Eddy and producer Lee Hazlewood helped create the “Twang” sound in the 1950s, a sound Hazlewood later adapt to his production of Nancy Sinatra's 1960s smash “These Boots Are Made for Walkin.'” Eddy had a five-year commercial peak from 1958-63. He said in 1993 he took his 1970 hit "Freight Train" as a clue to slow down.

"It was an easy listening hit," he recalled. "Six or seven years before, I was on the cutting edge."

Eddy recorded more than 50 albums, some of them reissues. He did not work too much from the 1980s on, "living off my royalties," he said in 1986.

About "Rebel Rouser," he told the AP: "It was a good title and it was the rockest rock 'n' roll sound. It was different for the time."

He scored theme music for movies including "Because They're Young," "Pepe" and "Gidget Goes Hawaiian." But Eddy said he turned down doing the James Bond theme song because there wasn't enough guitar music in it.

In the 1970s he worked behind-the-scenes in music production work, mainly in Los Angeles.

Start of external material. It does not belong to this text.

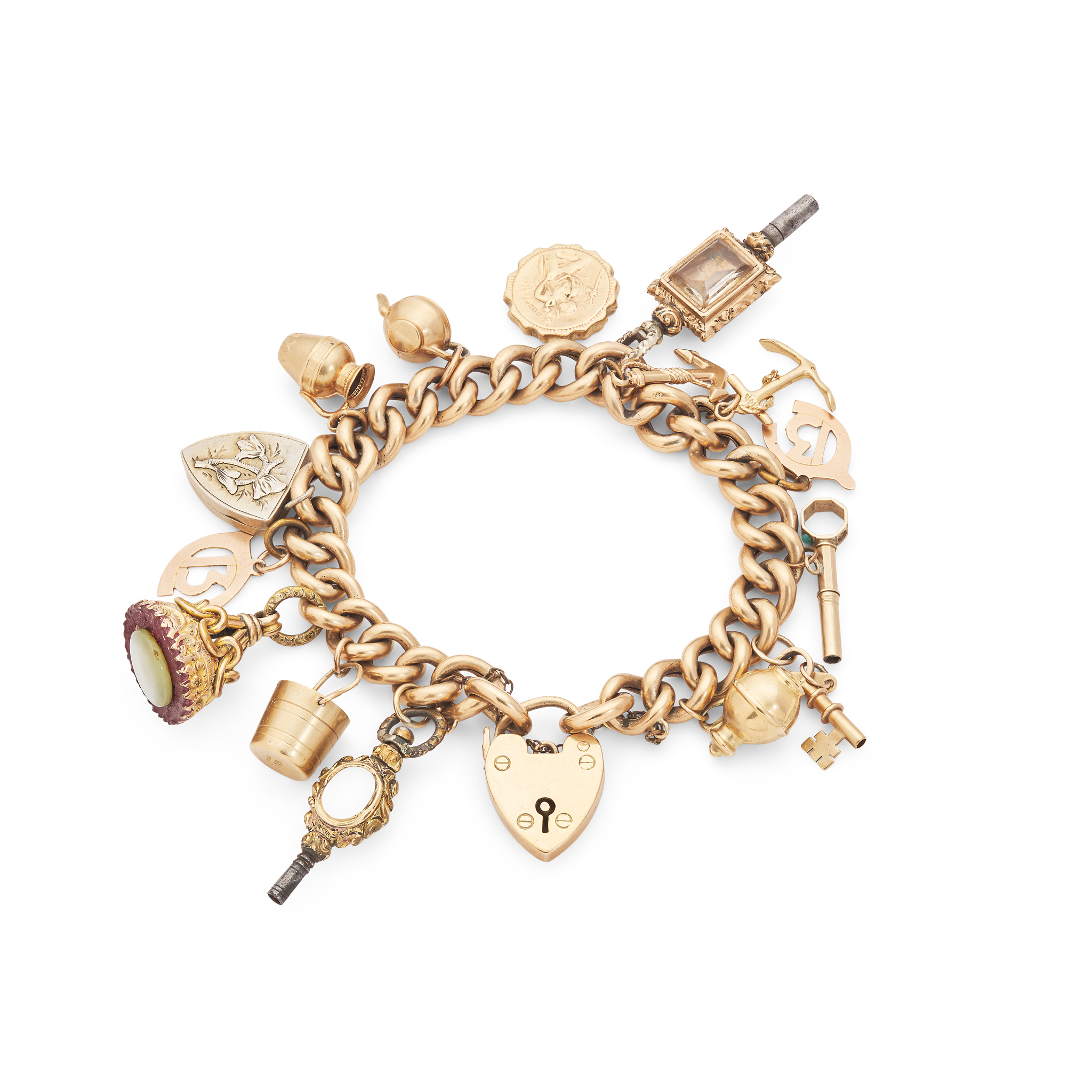 Composed of curb links, suspending various charms including a bucket, a watch key and an anchor etc., unmarked

Eddy was born in Corning, New York, and grew up in Phoenix, where he began playing guitar at age 5. He spent his teen years in Arizona dreaming of singing on the Grand Ole Opry, and eventually signed with Jamie Records of Philadelphia in 1958. "Rebel Rouser" soon followed.

Eddy later toured with Dick Clark's “Caravan of Stars” and appeared in "Because They're Young," "Thunder of Drums" among other movies.

He moved to Nashville in 1985 after years of semiretirement in Lake Tahoe, California.

Eddy was not a vocalist, saying in 1986, “One of my biggest contributions to the music business is not singing.”

Paul McCartney and George Harrison were both fans of Eddy and he recorded with both of them after their Beatles' days. He played on McCartney's "Rockestra Theme" and Harrison played on Eddy's self-titled comeback album, both in 1987.